Are u sure about the 12 ms ? for me it takes less than 2ms with a datatransfer rate about 2 GB/s. (I used cudaMallocHost for pinned-memory allocation).

Ideally, you should design your algorithm so that you first allocate memory (as much you need and of course as much as there is available), then operate on the data without any data transfer from and to the hosts RAM, and send the results back after you have finished your computation. You might have to redesign your algorithm if your code uses too many host <-> device transfer ops.


I want to add something to my prev question.

Ya, it takes 12 ms for copying 2 arrays each of size 2,07,360 to GPU memory.

And in my application it’s necessary to copy these arrays to GPU as only after doing this I will be able to apply cublas APIs on them.

so wt to do for this? :wacko:

Thanks in advance :)

Hmm, I am not sure with 12 ms. An array of size N = 207360 is needs 810 KB of memory if the element type is float.

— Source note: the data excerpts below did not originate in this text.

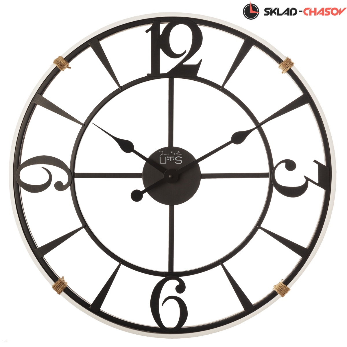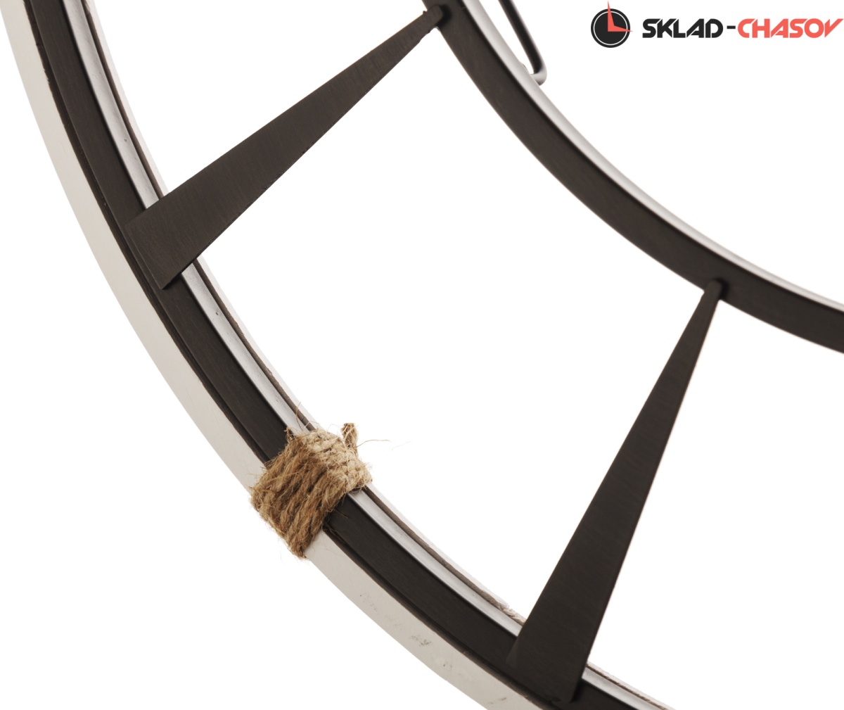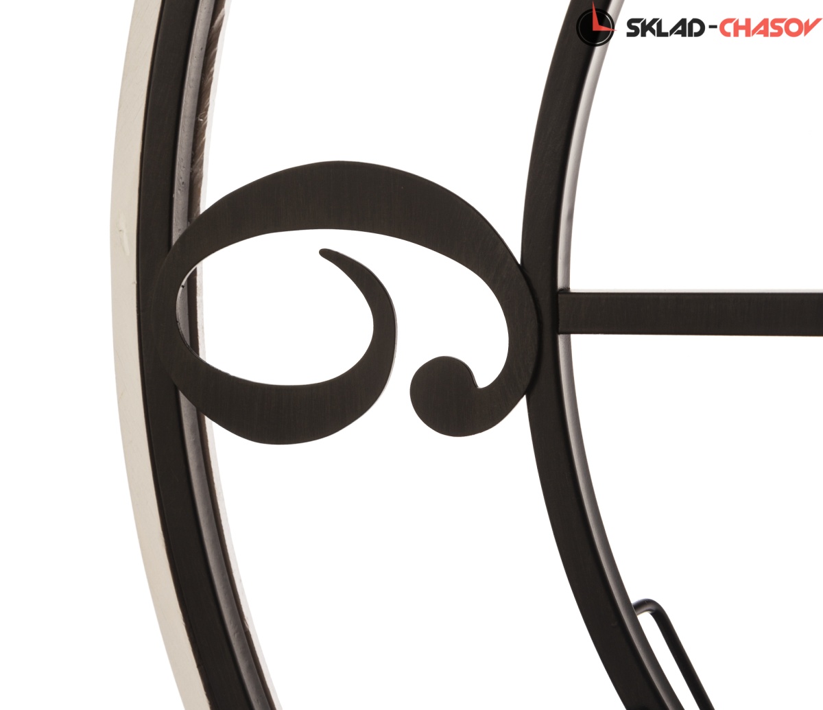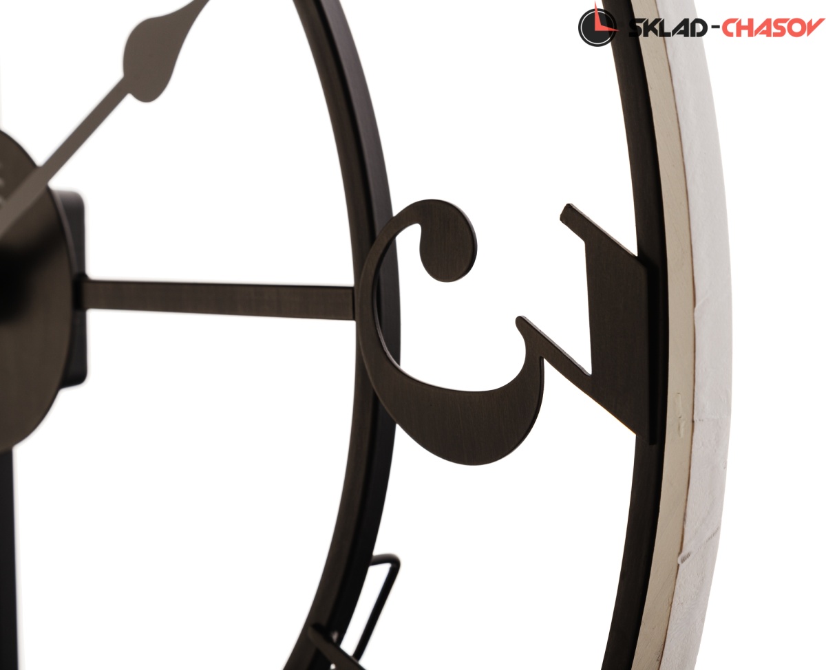 Черный металлический корпус обрамляет контрастный обод из МДФ белого цвета.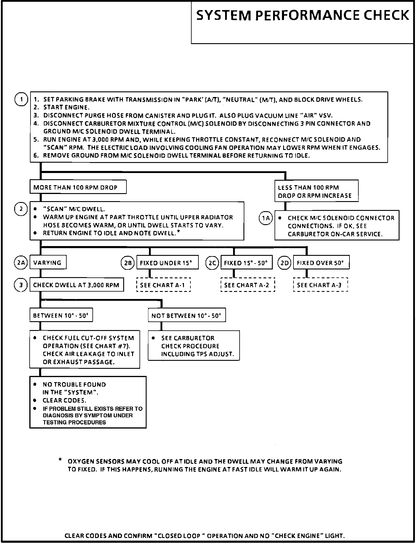 1. Checks for the ability of the carburetor main metering system to change the Air/Fuel mixture. Disconnecting the M/C solenoid makes the carburetor operate full-rich (O% Duty Cycle) and reconnecting it with the dwell lead grounded makes it operate full-lean (100% Duty Cycle). Normal response is for rpm to drop, as M/C solenoid is reconnected. Normal drop should be within a 300 to 1000 rpm range.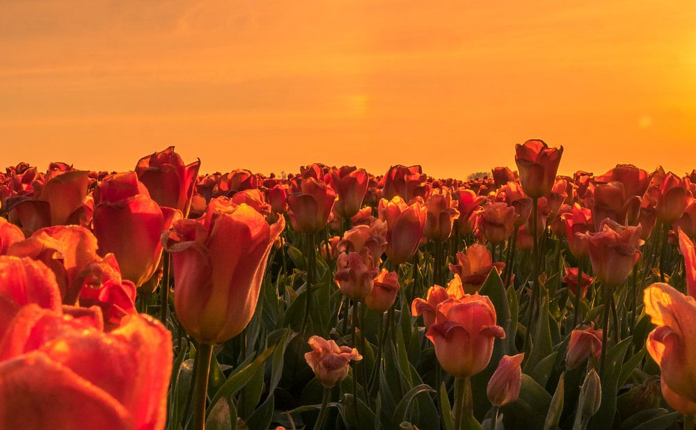 Tulip fields at Egmond aan den Hoef near Zonsopkomst. With 'De Wimmenumermolen' (The Wimmenumermill), in the background, is an octagonal inner crucifixor built in 1774.

Here are some results I get when I use cublasSetVector

TransferTime - cublasSetVector

datarate - cublasSetVector

Of course the transfer time depends on your pci express interface and memory latency. If your motherboard supports ony PCIe x1 then you have a maximum transfer rate of 250 MB/s for one direction. I have a PCIe x16 so that i might theoretically have rates of 4GB/s.

If your code is computational-intensive (e.g. many blas 3 operations) then you can be sure that you will have a great speed-up.

on my machine cublasSetVector has 13 ms latency (GeForce 8800 GTX, Windows XP). Same about all CUBLAS calls — they have ~10 ms overhead. However, NVIDIA promises to reduce these overheads substantially in next release of CUDA that is coming soon.

I wonder how you could get less than 1ms as in the graph in the current version of CUDA. May be it depends on operating system?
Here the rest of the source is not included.